- North American cover art
- Developer: Advance Communication Company
- Publisher: Toho
- Producers: Masato Takeno Junichi Tsunoda Seigo Taniguchi Michiharu Hasuya MIS
- Composers: Michiharu Hasuya Junko Yokoyama
- Series: Godzilla
- Platform: Super Nintendo Entertainment System
- Release: JP: 23 December 1993; NA: July 1994;
- Genre: Action
- Mode: Single-player

= Super Godzilla =

1993 video game

Super Godzilla (超ゴジラ, Chō-Gojira) is a video game for the Super Nintendo Entertainment System released in Japan on December 23, 1993, and in North America in July 1994. It is based on Toho's Godzilla franchise and was developed by Advance Communication Company.

==Gameplay==
The player must guide Godzilla through different levels, destroying obstacles and fighting enemies along the way while preserving Godzilla's energy level (decreased by destroying obstacles or by enemy attacks) and working against a time limit. The game is split in two screens: the top displays Godzilla's actions, while the bottom one is a map that shows his location on the current level. When Godzilla finds a monster to battle, the game switches to a side-view fighting segment.

===Playable monsters===
- Godzilla - Defender of Japan, the atomic dinosaur that once destroyed civilization became humanity's only hope for survival.

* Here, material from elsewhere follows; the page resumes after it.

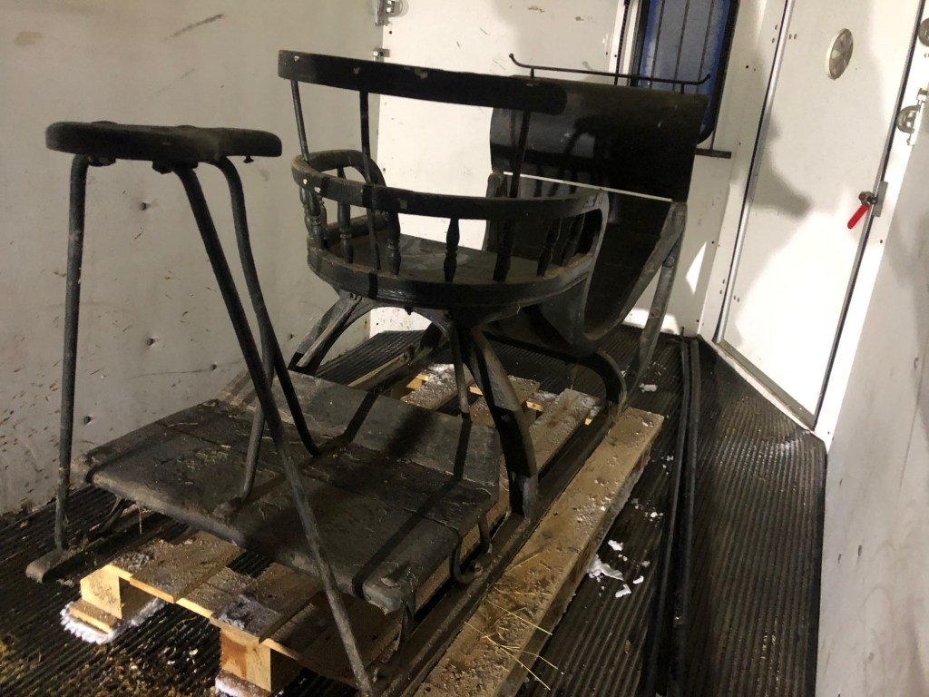Och så plötsligt fanns den där, i rätt ände av landet! Jag skickade iväg illa kvickt till både säljaren och Axel, annonsen var bara timmar gammal men det gällde att vara snabb! Och båda meddelandena resulterade i att hela familjen packade in sig i bilen senare under eftermiddagen och satte kurs mot Lidköping. En dryg timme bort och släden såg fin ut så vi fick den inlastad i transporten med hjälp av deras lastare med långa gafflar, kunde inte gått smidigare. Kolla vilken fräck!! Gissningsvis från tidigt 1900-tal.

In his quest to rid the Earth of its aggressors, Godzilla is aided by a small band of humans that control the King of the Monsters as he faces other monsters.
- Super Godzilla (Japanese Name: 超ゴジラ, Chō-Gojira) - After King Ghidorah is resurrected as Mecha-King Ghidorah, the human characters determine that Godzilla must increase in power, and so Godzilla has to seek out the three capsules of Super S energy to become Super Godzilla. After defeating Mecha-King Ghidorah, Bagan, the ultimate enemy monster of the game appears and Godzilla again changes into Super Godzilla in order to combat him.

===Enemy monsters===
- King Ghidorah
- Mechagodzilla (the Japanese version has the Heisei Mechagodzilla; the US version has the original Showa Mechagodzilla as Godzilla vs. Mechagodzilla II had not been released internationally yet.)
- Biollante
- Battra
- Mecha-King Ghidorah
- Bagan — an ancient creature of Chinese origin, augmented with King Ghidorah's DNA and Dr. Shiragami's serum, who serves as the game's final boss. Bagan, though having never appeared in the Godzilla film series, was originally developed for two unproduced Toho films throughout the 1980s and 1990s, being scrapped for both of them before production began. He would later be planned to appear in a 1995 film, though was scrapped once again.
- UFO (must battle them consistently beginning in Stage 2 unless Godzilla finds and destroys the Mothership in each stage)

==Story==
When King Ghidorah suddenly attacks Osaka, the military deploys the Super X II to locate Godzilla, and they use a transmitter to control the mutant dinosaur. Godzilla is led to Osaka, where he fights and kills King Ghidorah. Immediately afterwards, Ghidorah's body vanishes and an alien spaceship appears. The invaders reveal that they were controlling Ghidorah, and demand that the human race surrender. Meanwhile, another Godzilla appears in Mt. Fuji, and the Super X II lures the real Godzilla there to fight it. Godzilla confronts the new Godzilla, who is revealed to be Mechagodzilla wearing an artificial skin. During Godzilla's fight with the robot, the aliens kidnap Dr. Shiragami and take him to Lake Ashino. Godzilla goes there to rescue the professor, and is confronted by Biollante, his plant-like clone. After defeating Biollante, the Super X II rescues Shiragami, it is revealed that the doctor had recovered DNA samples of Godzilla and King Ghidorah and had been experimenting on them to create a serum that enhances the physical attributes of any being. However, the aliens invaded his laboratory and stole the samples, using them to create Biollante.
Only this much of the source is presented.